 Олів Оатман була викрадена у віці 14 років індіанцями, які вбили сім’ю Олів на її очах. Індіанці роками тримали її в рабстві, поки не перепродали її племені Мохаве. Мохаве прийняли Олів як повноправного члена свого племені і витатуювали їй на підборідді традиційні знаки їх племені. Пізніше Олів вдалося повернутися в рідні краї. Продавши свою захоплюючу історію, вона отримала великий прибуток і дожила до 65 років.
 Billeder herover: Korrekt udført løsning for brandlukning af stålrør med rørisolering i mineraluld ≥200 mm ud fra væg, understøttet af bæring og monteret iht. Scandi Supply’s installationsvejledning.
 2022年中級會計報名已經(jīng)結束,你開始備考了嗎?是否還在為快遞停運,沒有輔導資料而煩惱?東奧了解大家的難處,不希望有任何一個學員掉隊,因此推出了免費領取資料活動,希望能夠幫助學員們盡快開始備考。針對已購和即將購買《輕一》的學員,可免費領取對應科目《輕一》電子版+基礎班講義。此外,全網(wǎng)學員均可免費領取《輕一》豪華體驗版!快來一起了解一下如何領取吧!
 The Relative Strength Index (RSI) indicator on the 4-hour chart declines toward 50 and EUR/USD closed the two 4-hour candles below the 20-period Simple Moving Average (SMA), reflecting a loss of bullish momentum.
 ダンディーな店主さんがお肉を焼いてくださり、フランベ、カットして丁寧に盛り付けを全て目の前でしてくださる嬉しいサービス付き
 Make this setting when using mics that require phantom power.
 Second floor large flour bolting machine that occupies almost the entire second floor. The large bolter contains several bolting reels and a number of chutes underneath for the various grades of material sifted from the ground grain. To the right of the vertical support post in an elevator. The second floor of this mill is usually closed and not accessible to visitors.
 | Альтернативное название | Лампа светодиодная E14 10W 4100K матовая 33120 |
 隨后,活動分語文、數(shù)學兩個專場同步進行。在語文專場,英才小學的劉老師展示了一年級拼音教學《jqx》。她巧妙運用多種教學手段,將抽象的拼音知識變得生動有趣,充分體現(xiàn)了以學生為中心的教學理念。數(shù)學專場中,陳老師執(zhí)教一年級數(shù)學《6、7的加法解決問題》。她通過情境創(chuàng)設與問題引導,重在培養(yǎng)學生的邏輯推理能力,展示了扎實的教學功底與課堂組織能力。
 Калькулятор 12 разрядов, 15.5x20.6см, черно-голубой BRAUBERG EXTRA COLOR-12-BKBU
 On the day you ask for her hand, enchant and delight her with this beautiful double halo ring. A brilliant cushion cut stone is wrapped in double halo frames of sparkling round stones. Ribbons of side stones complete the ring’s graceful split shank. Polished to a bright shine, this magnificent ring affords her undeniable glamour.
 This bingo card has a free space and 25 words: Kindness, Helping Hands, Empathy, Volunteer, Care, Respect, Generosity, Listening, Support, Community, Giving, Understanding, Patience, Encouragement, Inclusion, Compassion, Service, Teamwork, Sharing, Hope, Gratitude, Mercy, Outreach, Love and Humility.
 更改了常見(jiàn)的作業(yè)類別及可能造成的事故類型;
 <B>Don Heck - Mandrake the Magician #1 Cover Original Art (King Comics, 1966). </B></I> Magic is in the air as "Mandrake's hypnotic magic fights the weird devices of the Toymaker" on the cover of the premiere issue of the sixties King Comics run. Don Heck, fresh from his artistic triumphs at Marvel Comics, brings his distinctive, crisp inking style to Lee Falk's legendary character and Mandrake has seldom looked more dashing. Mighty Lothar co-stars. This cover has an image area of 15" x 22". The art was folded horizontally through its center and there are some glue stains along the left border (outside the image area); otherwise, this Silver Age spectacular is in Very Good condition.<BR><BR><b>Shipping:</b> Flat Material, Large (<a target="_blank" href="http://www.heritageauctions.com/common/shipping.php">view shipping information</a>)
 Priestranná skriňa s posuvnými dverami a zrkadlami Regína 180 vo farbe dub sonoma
= = = =
Would you copy out exactly the lines above that start at the one containing "Калькулятор 12 разрядов, 15.5x20.6см, черно-голубой" and end at the one containing "更改了常見(jiàn)的作業(yè)類別及可能造成的事故類型;", inclusive?

 Калькулятор 12 разрядов, 15.5x20.6см, черно-голубой BRAUBERG EXTRA COLOR-12-BKBU
 On the day you ask for her hand, enchant and delight her with this beautiful double halo ring. A brilliant cushion cut stone is wrapped in double halo frames of sparkling round stones. Ribbons of side stones complete the ring’s graceful split shank. Polished to a bright shine, this magnificent ring affords her undeniable glamour.
 This bingo card has a free space and 25 words: Kindness, Helping Hands, Empathy, Volunteer, Care, Respect, Generosity, Listening, Support, Community, Giving, Understanding, Patience, Encouragement, Inclusion, Compassion, Service, Teamwork, Sharing, Hope, Gratitude, Mercy, Outreach, Love and Humility.
 更改了常見(jiàn)的作業(yè)類別及可能造成的事故類型;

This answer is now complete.